Die Brennnessel, oft als lästiges Unkraut abgetan, ist in Wahrheit eine vielseitige Heilpflanze mit einem breiten Spektrum an gesundheitlichen Vorteilen. Von der traditionellen Anwendung bei Harnwegsbeschwerden bis hin zu potenziellen neurologischen Wirkungen bietet die Brennnessel ein breites Feld für Forschung und Anwendung.
Was ist die Brennnessel?
Die Brennnessel (Urtica dioica L. - große Brennnessel und Urtica urens L. kleine Brennnessel) ist eine seit Jahrhunderten geschätzte Heilpflanze, die sowohl in der Schulmedizin als auch in der Naturheilkunde ihren festen Platz hat. Sie enthält eine Vielzahl wertvoller Inhaltsstoffe wie Flavonoide, Mineralstoffe, Kieselsäure, Sterole und organische Säuren, die ihr eine entwässernde, entzündungshemmende und stoffwechselanregende Wirkung verleihen.
Als Pionierpflanze ist die Brennnessel weltweit in gemäßigten Zonen verbreitet, sie gedeiht an Garten- und Wegrändern, Unkrautfluren und vielen anderen Standorten. Die große Brennnessel wird bis 150 cm groß, die kleine Brennnessel bis 50 cm. Ihre Blätter sind mit Brennhaaren überzogen, diese langen und spröden Röhren sind unter anderem mit Ameisensäure gefüllt. Bei Berührung knicken die Brennhaare ab und befördern dadurch Substanzen in die Haut, die Schmerzen und Schwellungen auslösen. Die Brennnessel blüht von Juli bis September. Von der Blütezeit ab und später, brennt die Brennnessel am stärksten.

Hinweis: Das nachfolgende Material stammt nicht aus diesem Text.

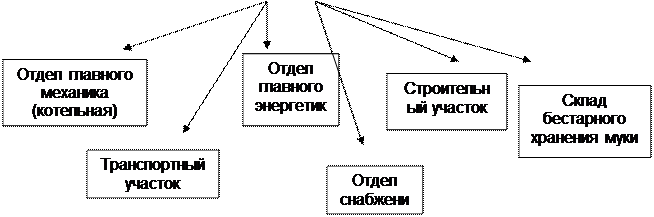 Рис. 5. Производственная структура предприятия Маркетинговый отдел отвечает за обеспечение рекламы продукции дистрибьюторов ООО «Хлебозавод Болдинский», за продвижение этой продукции на рынке. Руководит маркетинговым отделом коммерческий директор. Бухгалтерия выступает одним из структурных подразделений предприятия, возглавляется она главным бухгалтером. Ответственность за организацию бухгалтерского учета несет руководитель предприятия, он же назначает и освобождает от должности главного бухгалтера, несет ответственность за соблюдением методологических основ при ведение бухгалтерского учета. Главный бухгалтер обеспечивает контроль и своевременное отражение на счетах бухгалтерского учета хозяйственных операций, формирует оперативную информацию и бухгалтерскую отчетность для ее предоставления в установленные адреса и сроки. В структуре хлебозавод имеет два фирменных магазина, более 27 торговых киосков. В настоящее время мощность хлебозавода по хлебу в условном ассортименте составляет 120 шт. в сутки, в планируемом ассортименте 64 тн. в сутки; фактически производственная мощность используется на 30% и составляет 30, 32 тн. хлебобулочных изделий в сутки. 2.3. Анализ основных технико-экономических показателей Анализ основных технико-экономических показателей работы предприятия рассчитан и приведен в табл. 1. Таблица 1

Inhaltsstoffe und ihre Wirkung
Die Blätter der Pflanze sind ein kalorienarmer Lieferant für Proteine. Das liegt am sehr geringen Fett- und Kohlenhydratanteil. Aus diesem Grund eignet sich die Brennnessel (natürlich in Maßen) für Diäten und kann auch sonst immer Verwendung finden. Ein weiterer Grund, weshalb man die Brennnessel häufiger in den Speiseplan integrieren sollte, ist das Vorkommen wichtiger Mikronährstoffe in großen Menge. Das grüne Gewächs enthält mehr Vitamin C als Zitrusfrüchte oder die Paprika und mehr Beta-Carotin als Karotten. Des Weiteren decken 100g Brennnessel mehr als ein Drittel des Tagesbedarfs an Calcium, Mangan und Eisen. Da Vitamin C bekanntlich die Aufnahme von Eisen unterstützt gilt die Brennnessel als eine optimale Quelle für das Spurenelement.
Neben den Makro- und Mikronährstoffen besitzt die Brennnessel auch noch einige sekundäre Pflanzenstoffe, allen voran Polyphenole und Flavonoide. Die sekundären Pflanzenstoffe, die den Pflanzen vor allem als Farb- und Abwehrstoffe dienen, haben für den Menschen verschiedenste gesundheitsförderliche Wirkungen. Die in der Brennnessel vorkommenden Flavonoide werden mit einem verringerten Risiko für bestimmte Krebs- und Herz-Kreislauf-Krankheiten assoziiert. Grund dafür sind ihre vermutlich antioxidative, antithrombothische, blutdrucksenkende, entzündungshemmende, immunmodulierende, antibiotische und neurologische Wirkungen, die in verschiedenen Tier- und in-vitro-Versuchen bereits nachgewiesen werden konnten. Die Lignane, die den Phytoöstrogenen zugeordnet werden, haben wohl auch eine antioxidative und eine immunmodulierende Wirkung und sollen so die Blutgefäßfunktion und den Blutdruck verbessern können und somit vor Krebs- und Herz-Kreislauf-Krankheiten schützen.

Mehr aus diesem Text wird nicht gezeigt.